• [WHAT THE TASK ASKS]: The data below should be transcribed in full, with no picture included.

• [INPUT DATA]:
--- START ---
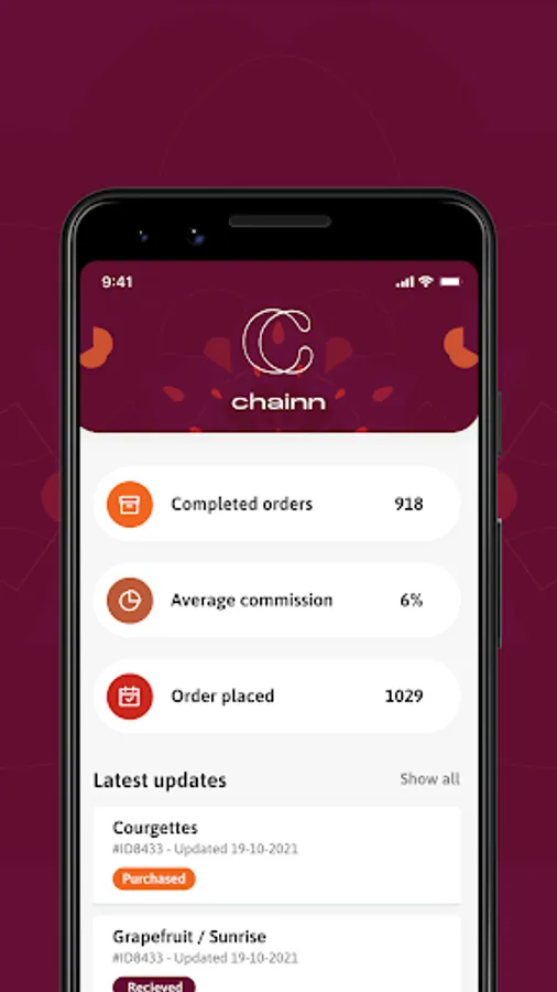 Customer: As a customer of Chainn BV Inchainn gives you insight into the status of your order and the origin of your product. In addition, Inchainn gives you direct insight into your outstanding invoices.
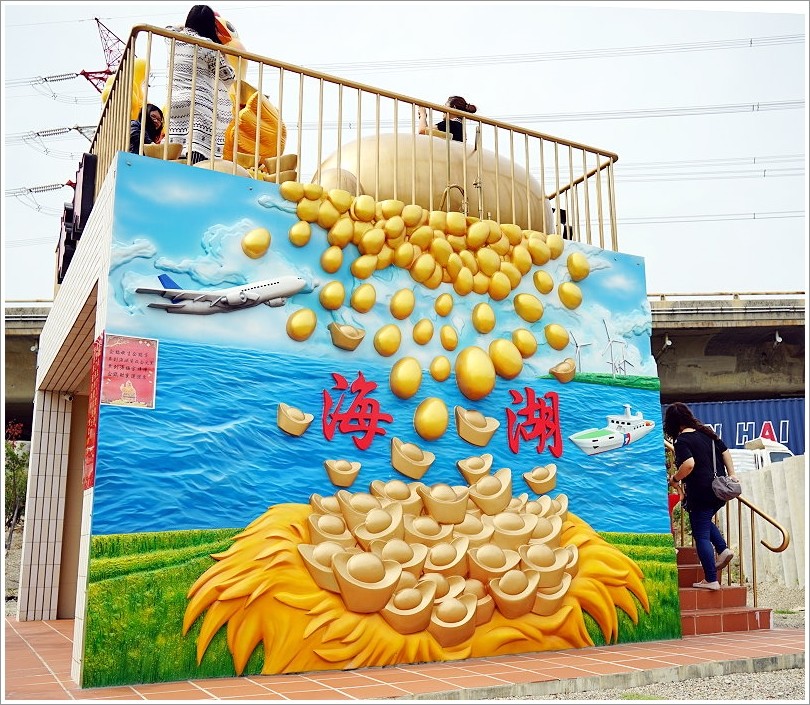 桃園其實好玩又有趣,很多地方都是值得細細品味!這次大口要帶大家來個桃園西濱景點一日遊,從海福宮金雞母彩繪牆,到附近的竹圍漁港、林口水牛坑(大峽谷),最遠還可以到永安漁港,很適合親子或是一家大小一起玩透透!說到竹圍漁港、林口水牛坑、永安漁港或許大家都去過了,但是海福宮的金雞母及彩繪牆應該就很少人知道了~這裡供奉的是土地公爺爺,特別的是還有提供金雞母來讓大家擲茭,連續擲得三個聖茭的朋友就可以將金雞母帶回家,擺在家中財位就可以祈求事業順利、財源滾滾來囉!海福宮前方的彩繪牆更是好玩又有童趣,這裡通通都是利用廢棄物所設計而成,不管是拍照打卡或是互動都很促咪,網美必來啊!
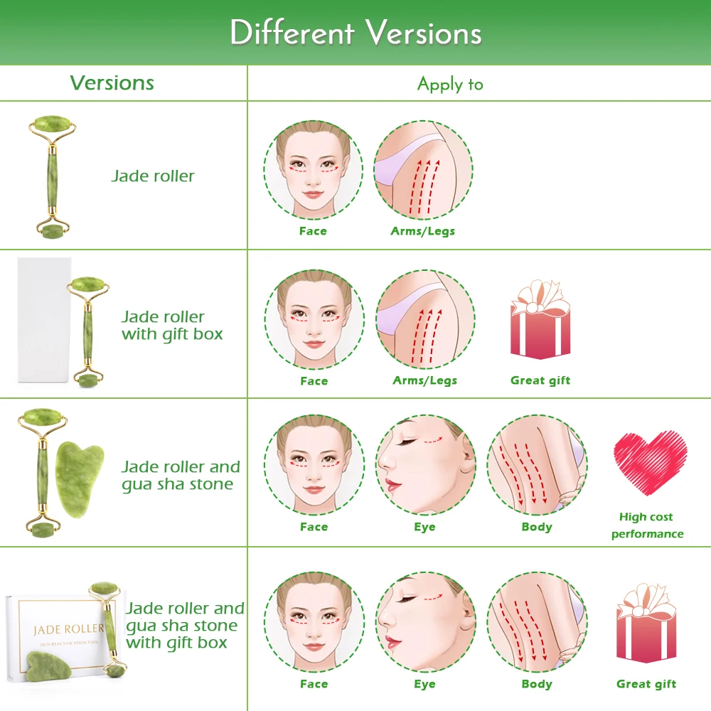 The light and dark green rollers are classics. The rose quartz features floral handles for added delicate beauty.
--- END ---
• [SOLUTION TO THIS EXERCISE]:
 Customer: As a customer of Chainn BV Inchainn gives you insight into the status of your order and the origin of your product. In addition, Inchainn gives you direct insight into your outstanding invoices.
 桃園其實好玩又有趣,很多地方都是值得細細品味!這次大口要帶大家來個桃園西濱景點一日遊,從海福宮金雞母彩繪牆,到附近的竹圍漁港、林口水牛坑(大峽谷),最遠還可以到永安漁港,很適合親子或是一家大小一起玩透透!說到竹圍漁港、林口水牛坑、永安漁港或許大家都去過了,但是海福宮的金雞母及彩繪牆應該就很少人知道了~這裡供奉的是土地公爺爺,特別的是還有提供金雞母來讓大家擲茭,連續擲得三個聖茭的朋友就可以將金雞母帶回家,擺在家中財位就可以祈求事業順利、財源滾滾來囉!海福宮前方的彩繪牆更是好玩又有童趣,這裡通通都是利用廢棄物所設計而成,不管是拍照打卡或是互動都很促咪,網美必來啊!
 The light and dark green rollers are classics. The rose quartz features floral handles for added delicate beauty.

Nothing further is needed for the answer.